■ Supplied data ■

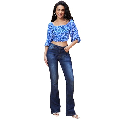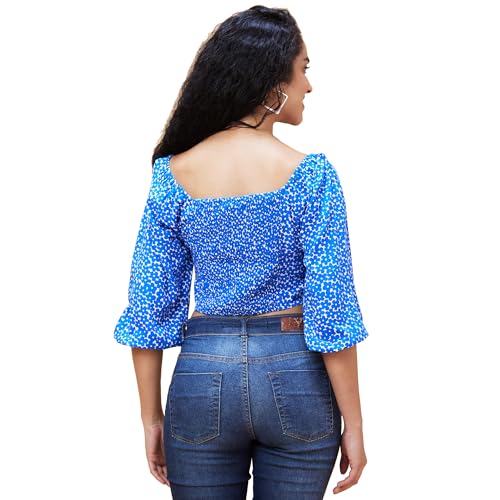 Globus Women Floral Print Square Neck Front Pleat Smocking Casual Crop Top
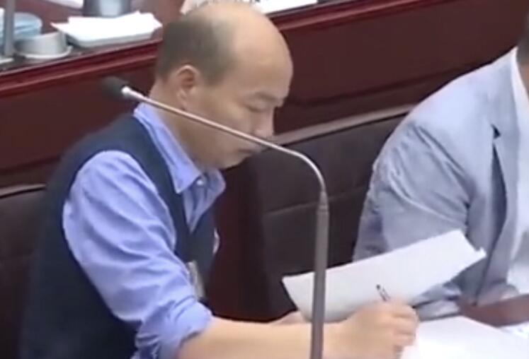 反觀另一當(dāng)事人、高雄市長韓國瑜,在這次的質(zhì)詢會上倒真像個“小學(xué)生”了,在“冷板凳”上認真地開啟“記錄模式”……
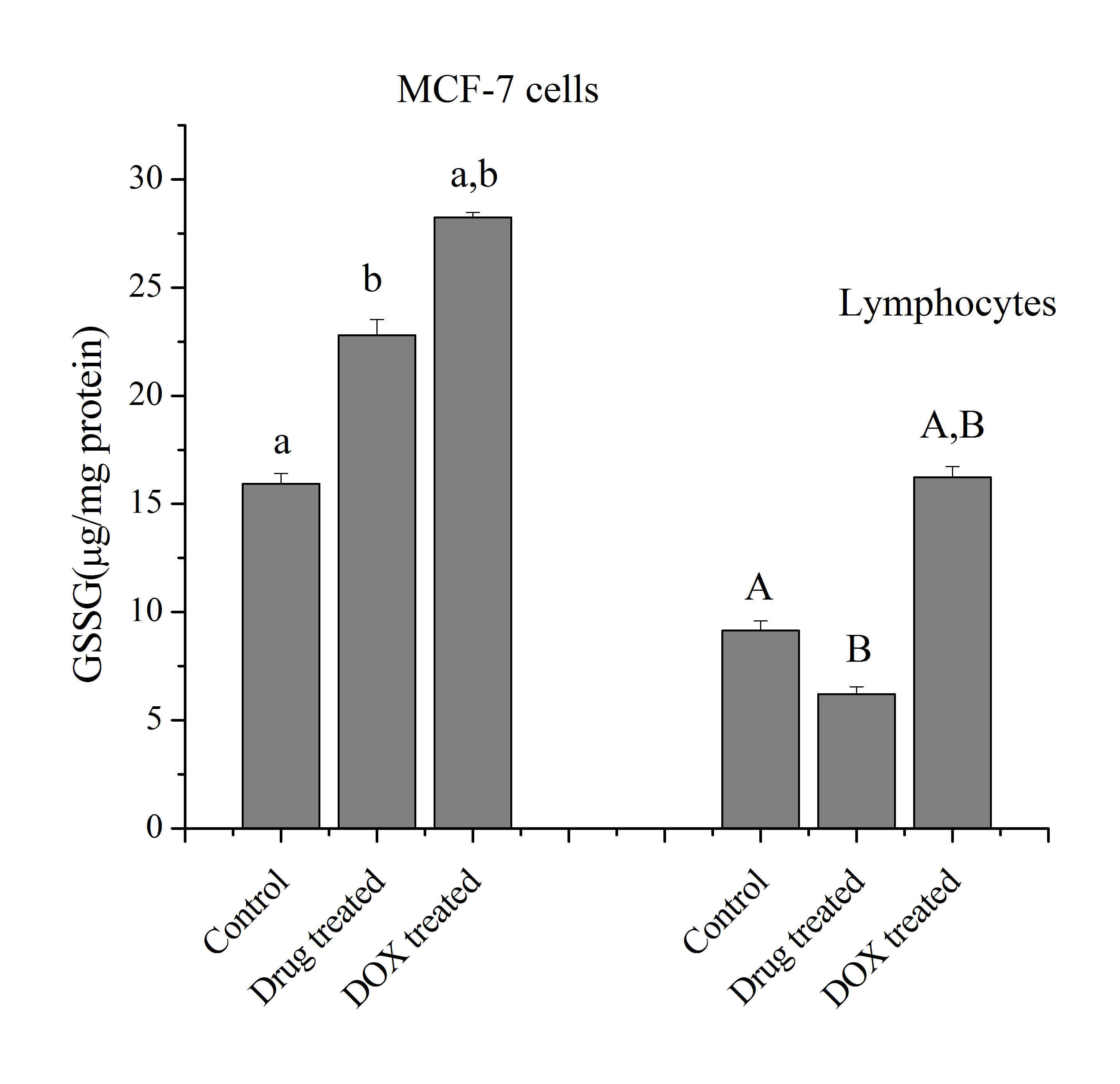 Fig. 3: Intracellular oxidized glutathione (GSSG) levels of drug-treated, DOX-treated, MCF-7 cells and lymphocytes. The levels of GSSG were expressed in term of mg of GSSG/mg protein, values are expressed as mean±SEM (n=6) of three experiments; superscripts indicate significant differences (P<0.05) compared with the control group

■ What you are asked to do ■
Each line from the first line of the data above through the one containing "反觀另一當(dāng)事人、" must be set down exactly; the pictures must not be.

■ Written answer ■
 Globus Women Floral Print Square Neck Front Pleat Smocking Casual Crop Top
 反觀另一當(dāng)事人、高雄市長韓國瑜,在這次的質(zhì)詢會上倒真像個“小學(xué)生”了,在“冷板凳”上認真地開啟“記錄模式”……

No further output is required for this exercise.